Черные воды Васюгана - [17]

Шрифт
Интервал

Тайга! Край для меня настолько чужой, что я чувствовал, будто попал на другую планету: ни камней, ни гальки, только черная, рыхлая земля, иногда булькающая под ногами; дремучие, часто непроходимые заросли, в которых роятся миллиарды убийственных москитов; скрюченные карликовые березы, переплетенные друг с другом ивы, под низко висящими ветвями которых нужно было пробираться изворачиваясь, спотыкаясь при этом о пни и гнилые ветки, и — что меня особенно угнетало — черная речная вода (на самом деле темно-коричневая и, как оказалось, абсолютно пригодная для питья).

Жители деревни (их самих в тридцатые годы выслали сюда как кулаков, на необитаемую в то время береговую местность, впоследствии Сталинку) поначалу жили в шалашах, а затем срубили деревянные избы. И теперь они без устали попрекали своей робинзонадой непрошеных гостей, которые «хорошо устроились», сразу найдя готовое жилье. Деревня расположилась на обширном холме, который отгораживал деревню с ее полями от прилегающих болот, и насчитывала от тридцати до сорока дворов, из которых около половины выстроились вдоль Ипалин-Игай (приток Васюгана); остальные окаймляли широкую длинную дорогу, ведущую под прямым углом к реке.

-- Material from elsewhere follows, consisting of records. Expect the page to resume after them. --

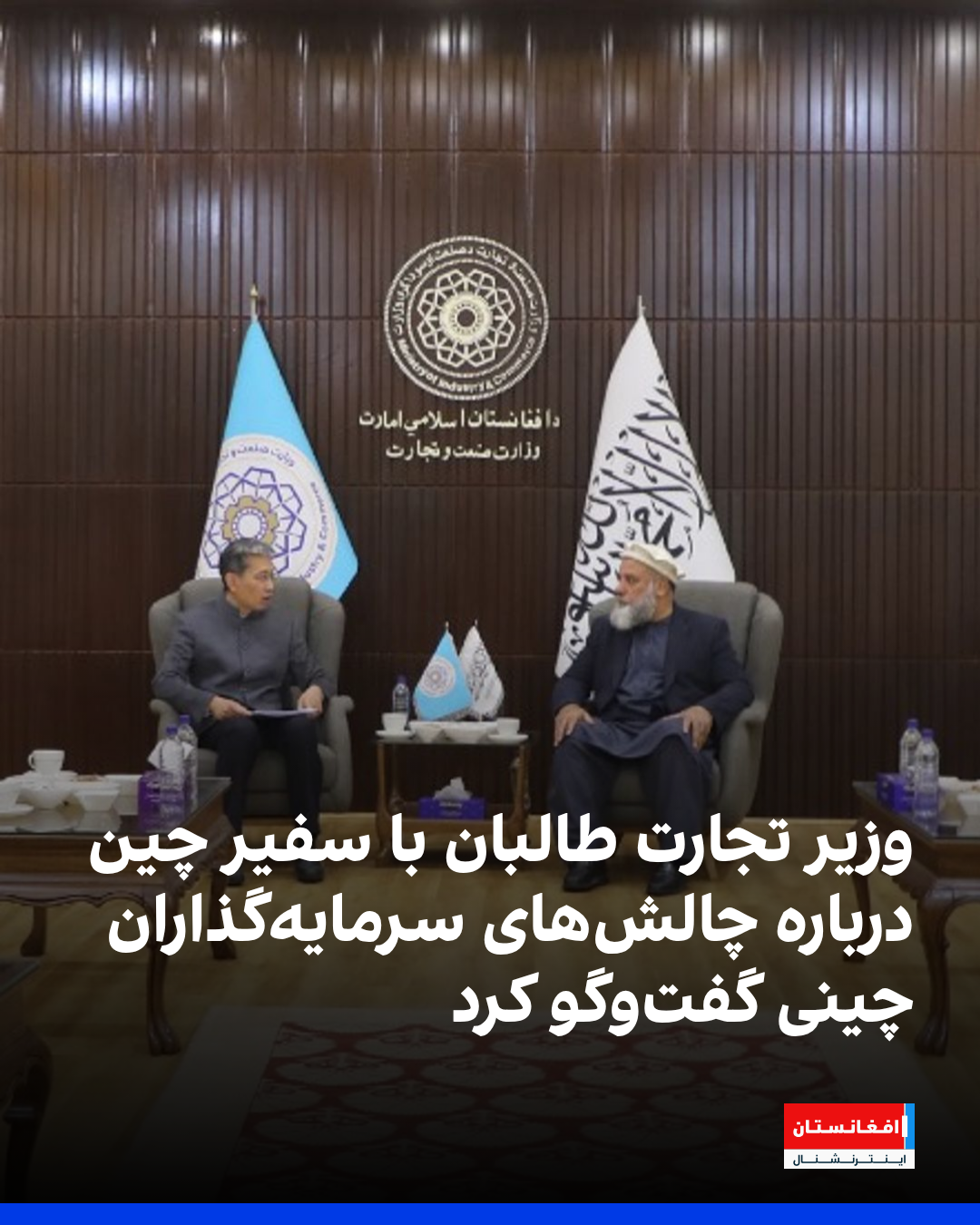 نورالدین عزیزی، وزیر تجارت و صنعت طالبان در دیدار با ژاو شینگ، سفیر چین در کابل، درباره چالشهای سرمایهگذاران چینی در افغانستان گفتوگو کرده است.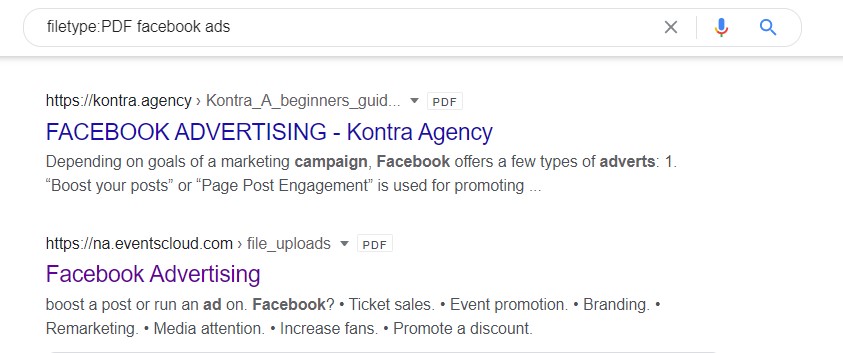 Use the “filetype:” command to search for specific content formats.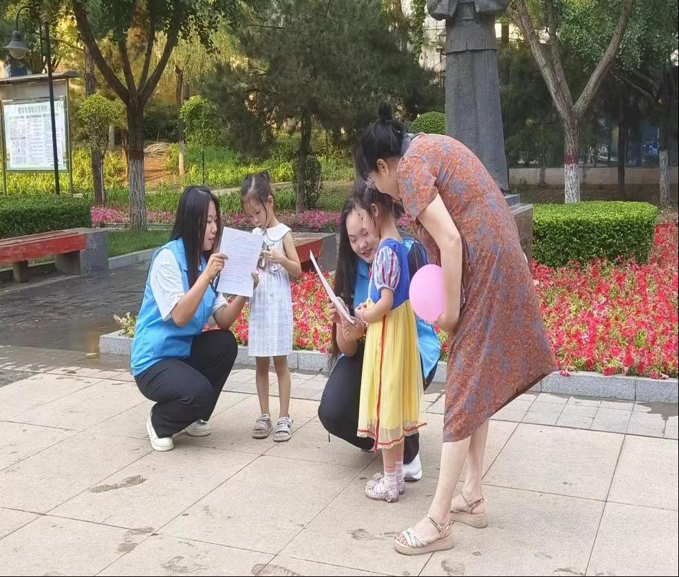 此外,为了让游客们更直观地体验普通话的趣味与魅力,队员们还引导儿童们尝试了一些生动有趣的绕口令。这种寓教于乐的方式不仅让游客们沉浸在语言的乐趣中,还有助于纠正和改进他们的普通话发音,提高了大家的语音准确性。

В следующие дни мне поручили особую работу. (Я был крепче других молодых людей и потому привлек внимание колхозного бригадира.) С группой местных я работал на строительстве дороги: мы должны были вынуть несколько кубометров земли по сторонам неглубокого оврага; позднее через овраг должен был быть построен мост. Я работал изо всех сил, не уступая местным. Во время обеденного перерыва я быстро съедал скудную трапезу, что давала мне с собой мама: два-три ломтя хлеба, между которыми была толстая молочная пенка (раньше я пенку терпеть не мог, теперь же она казалась мне объедением). Затем я утолял жажду из болотистого пруда, что находился по соседству, усталый бросался на траву и отдыхал, лежа неподвижно до конца перерыва. Местные при этом с аппетитом наворачивали сало, рыбу и жареную картошку.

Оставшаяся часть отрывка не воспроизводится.